Metastatic prostate cancer (PCa) is associated with high morbidity and mortality rates ¹. The response of metastatic PCa to the standard treatment options, such as androgen-deprivation therapy or metastasis-directed radiotherapy, is highly diverse, and more efficient tests are urgently warranted for predicting cancer spread and the response of PCa metastases to the treatment ².

TGF-β1 plays a central role in PCa bone metastasis by promoting epithelial-to-mesenchymal transition (EMT), regulating matrix metalloproteinase (MMP) expression, and modulating interactions within the bone microenvironment, thereby facilitating tumor cell colonization and survival.
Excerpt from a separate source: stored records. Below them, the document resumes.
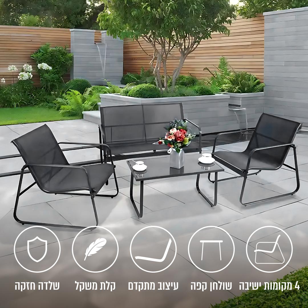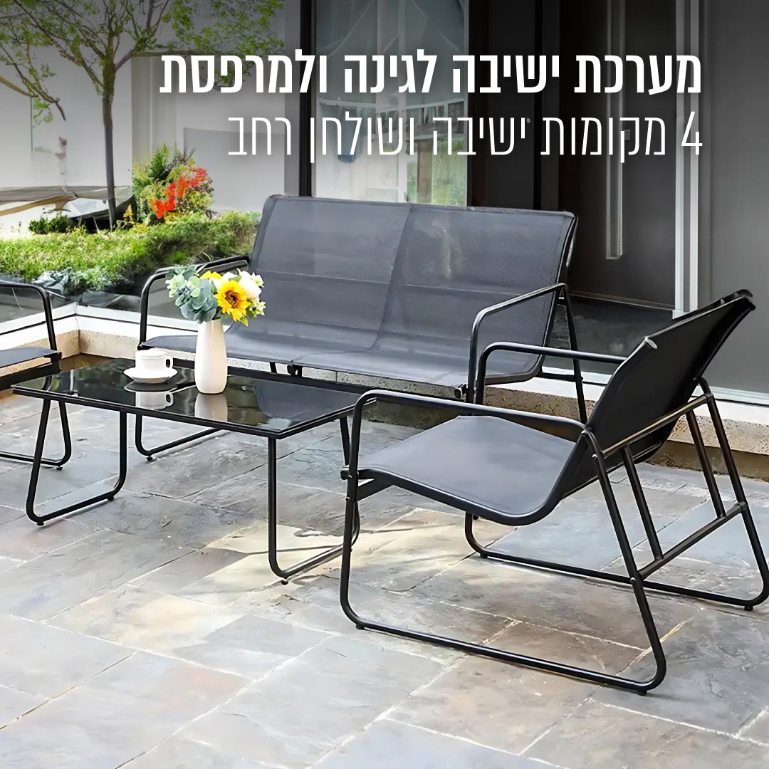 מערכת ישיבה לגינה ולמרפסת 4 מקומות ישיבה ושולחן
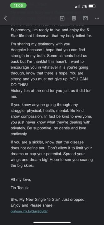 The 35-year-old crooner made this disclosure in a lengthy letter to his fans, on Friday, July 15, where he recounted his plights after being born with Sickle Cell Anemia.
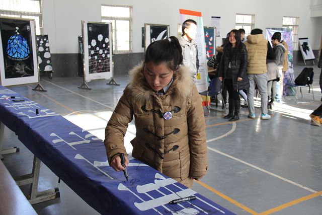 新闻中心联合南京艺术学院设计学院举办主题为“祭奠逝者•祈愿和平”的大学生主题设计作品展,三十幅创意精致、色彩凝重的设计作品表达了师生对南京大屠杀遇难同胞的无限哀思和对历史的深刻反思,同时也唤起了当代大学生强烈的爱国主义情怀。开展“紫金草行动”,为现场师生佩戴紫金徽章,团委干事高水冕深情地说道:“先辈们亲历的爱与恨,不需要提起也能刻骨铭心;先辈们遭遇的苦与痛,却很容易成为尘封的记忆。”机械工程系通讯员叶绘老师也说道:“种下一株紫金草,戴上一枚纪念章,我们用朴素的方式,提醒自己牢记那段屈辱的历史。”我们用草根的顽强,汇聚民族的力量,让世世代代用不遗忘。
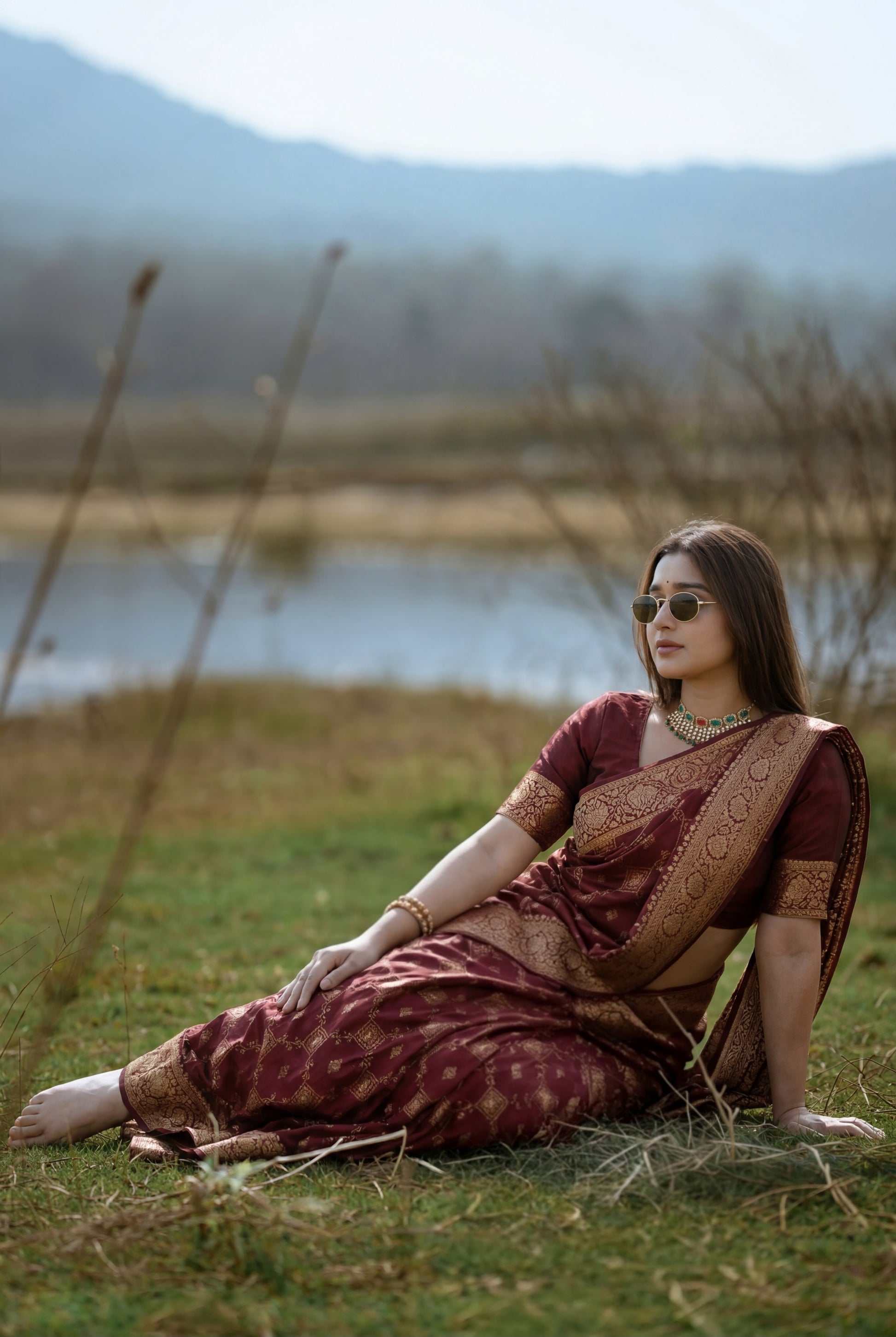 Style Tip: Pair this rich maroon Banarasi silk saree with Kundan jewelry, a sleek bun, and gold heels for a regal traditional look.
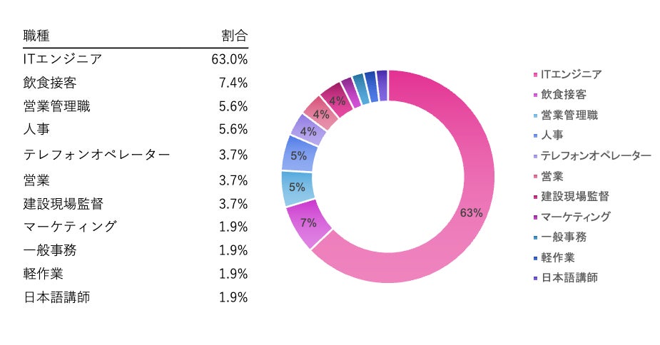 新規登録求人のうち、63.0%がITエンジニア職で占められ、AI・Web3・DX推進に即戦力となる外国人エンジニアの採用が加速しています。
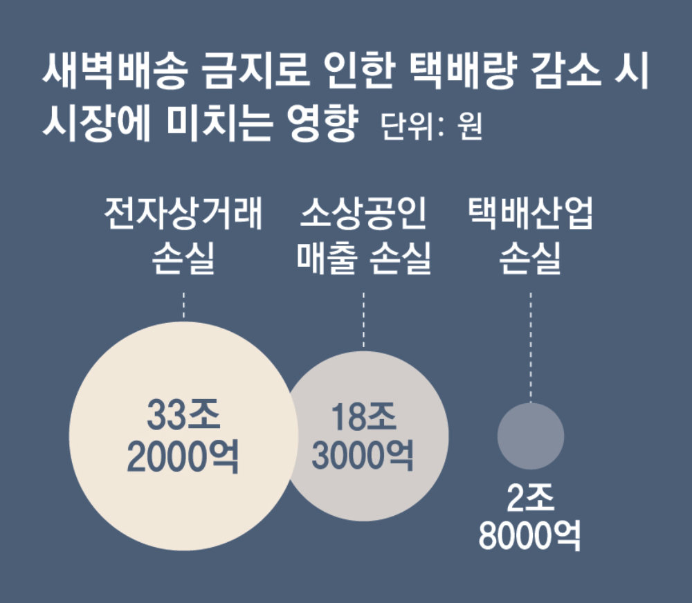 새벽배송이 금지될 경우 연간 50조 원이 넘는 손실이 발생할 수 있다는 주장도 나왔다. 국내 최대 물류산업 학회인 한국로지스틱스학회는 ‘새벽배송과 주 7일 배송의 파급효과 관련 연구’ 보고서를 통해 “새벽배송과 주 7일 배송이 중단돼 택배 주문량이 약 40% 감소하면 연간 54조3000억 원의 손실이 발생할 것”이라고 주장했다. 손실 규모는 전자상거래가 33조2000억 원으로 가장 클 것으로 예측됐고, 소상공인 피해 예상액은 18조3000억 원으로 추산됐다.
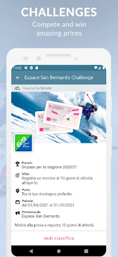 Set up your Skitude profile to track your activities using the GPS tracker. Find out where you are in the season's rankings and try to complete the challenges to be in with a chance of winning great prizes.
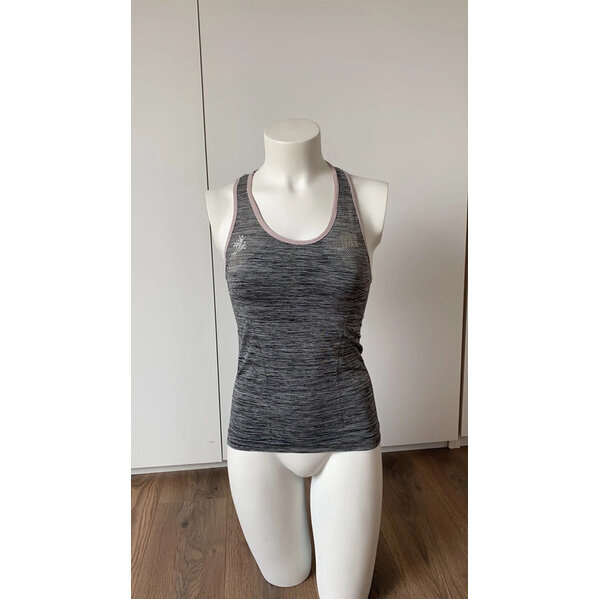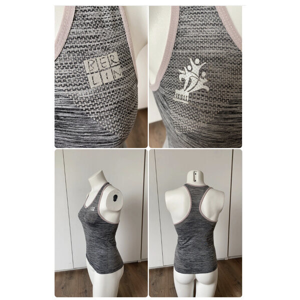 Tolles Sporttanktop mit Ringerrücken. Grau meliert mit rosa Umrandung. Silberner Print „Berlin“ und Brandenburgertor auf der Brust.
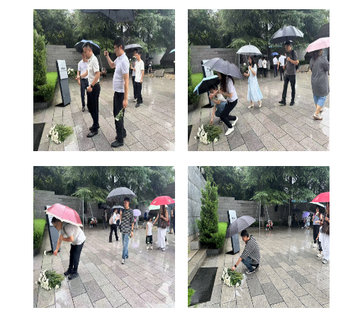 (圖片說明:黨員們向大屠殺遇難同胞獻花,寄托哀思。)
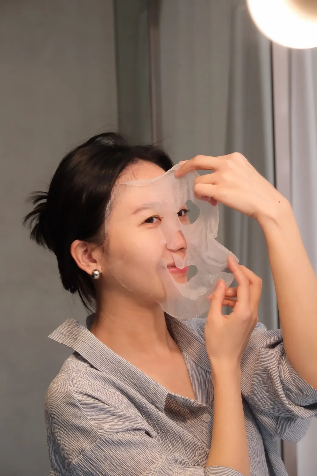 最後分享面膜敷在臉上時會感受到面膜質地的特殊
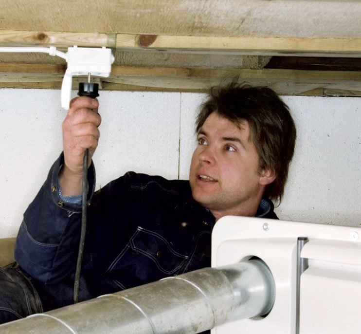 Affugteren står permanent i krybe kælderen. Du kan så vælge, om den skal køre konstant og gardere mod lugt og radon, eller om den kun skal gå i gang, når luftfugtigheden kommer over en bestemt grænse.
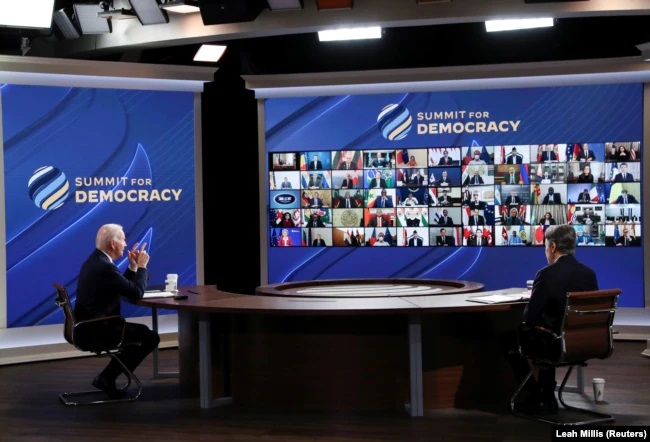 美國總統拜登召集全球110個國家的政府以及公民社會和私營部門領導人出席的線上“民主峰會”星期四上午拉開帷幕。拜登總統在國務卿布林肯的陪同下發表了開幕詞。
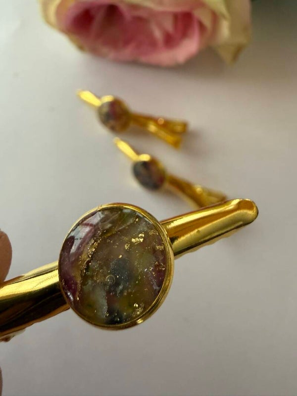 Dieser Haarschmuck wurde in sorgfältiger Handarbeit aus Polymer-Ton, mit Messing-oder Edelstahlfassungen gefertigt. Er ist sehr leicht und angenehm zu tragen und damit ein eleganter Akzent zu jedem Outfit.
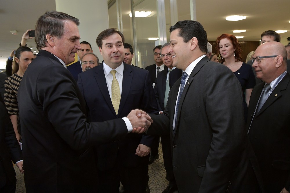 Presidente Jair Bolsonaro cumprimenta o presidente do Senado, Davi Alcolumbe; ao centro, o presidente da Câmara, Rodrigo Maia — Foto: Marcos Brandão/Senado
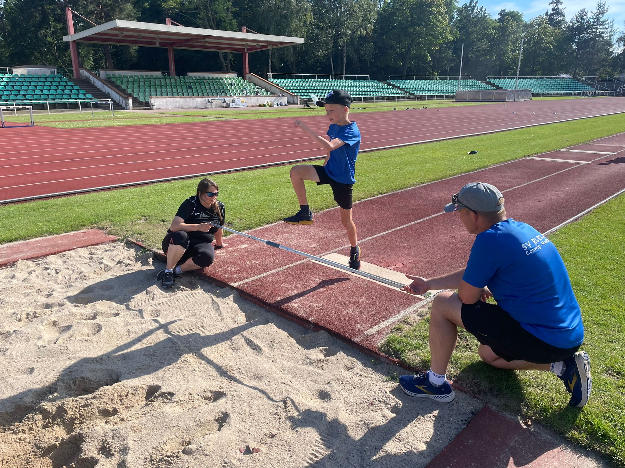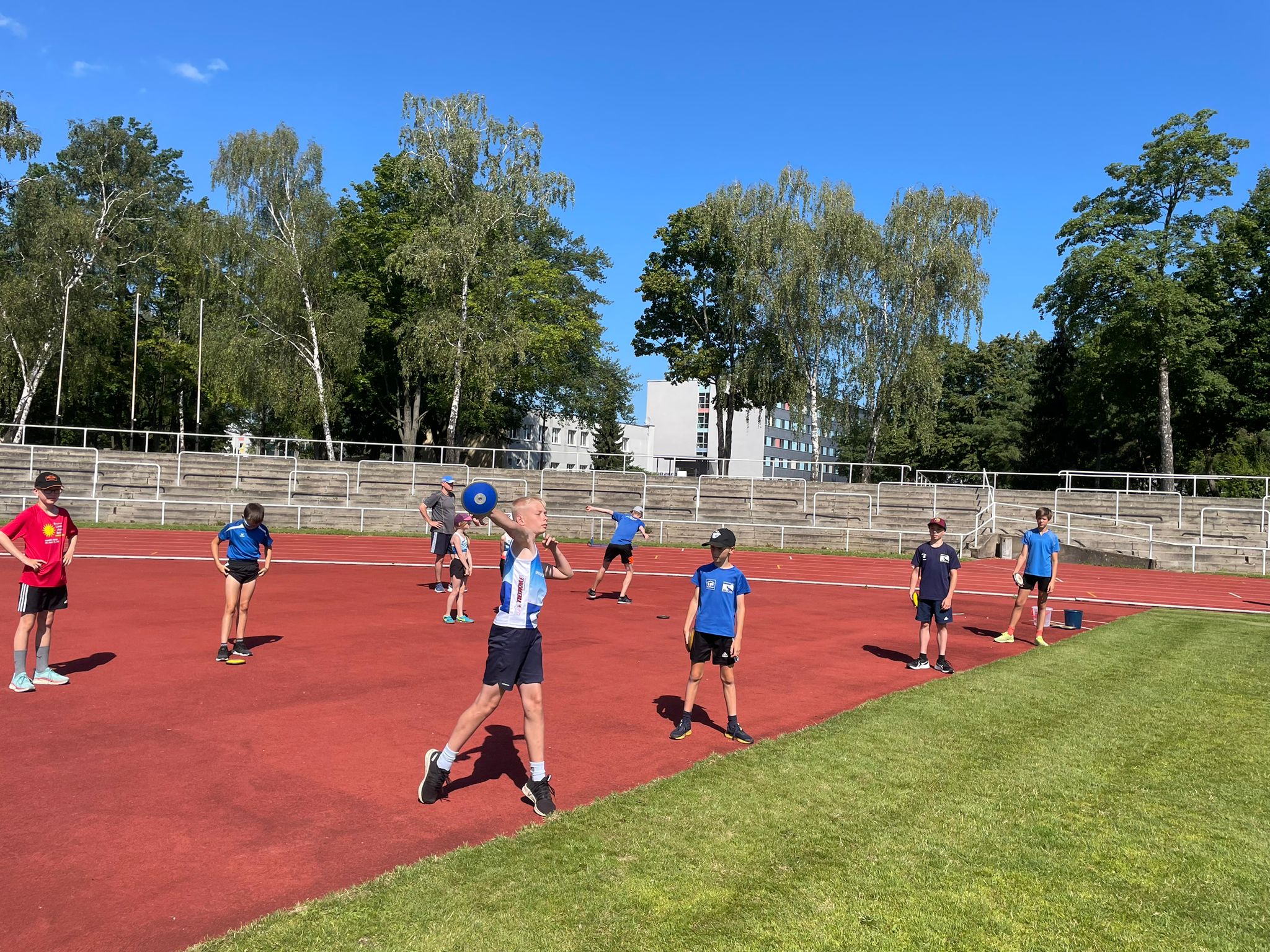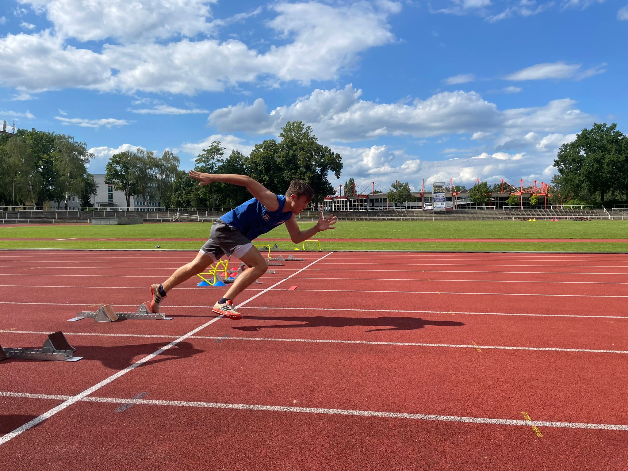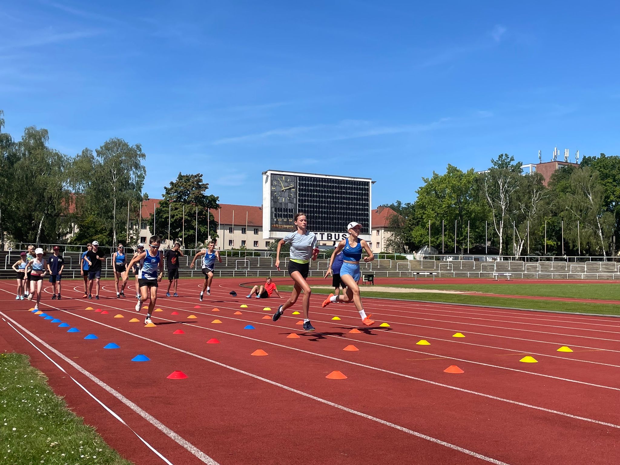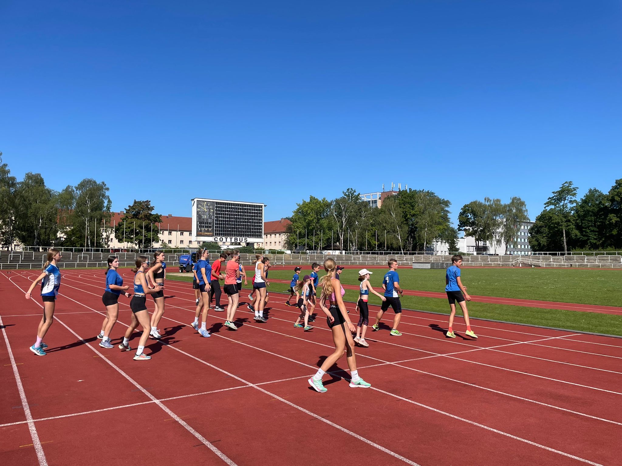 Wir hatten in Cottbus die wunderbare Möglichkeit, Disziplinen zu trainieren, die in Coswig nicht möglich sind, wie z.B. Stabhochsprung. Diese Gelegenheit haben wir natürlich genutzt. Auch sonst war viel Individuelles dabei: Diskus- und Speerwurftraining, Weit- und Dreisprung, Hürden, Startblockübungen oder Sprint. Alles gut dosiert, denn es war wirklich sehr warm.

Aldehyde dehydrogenase (ALDH) enzymes, crucial for cellular detoxification and cancer stem cell regulation, produce retinoic acid (RA) isomers that activate RAR and RXR nuclear receptors, triggering transcription of retinoid-responsive genes ³. TGF-β1 pathway regulates ALDH gene expression and cancer stem cell population ⁴, whereas RA interacts with TGF-β1 signaling in various cancers, suggesting a complex interplay between retinoid and TGF-β1 pathways ⁵.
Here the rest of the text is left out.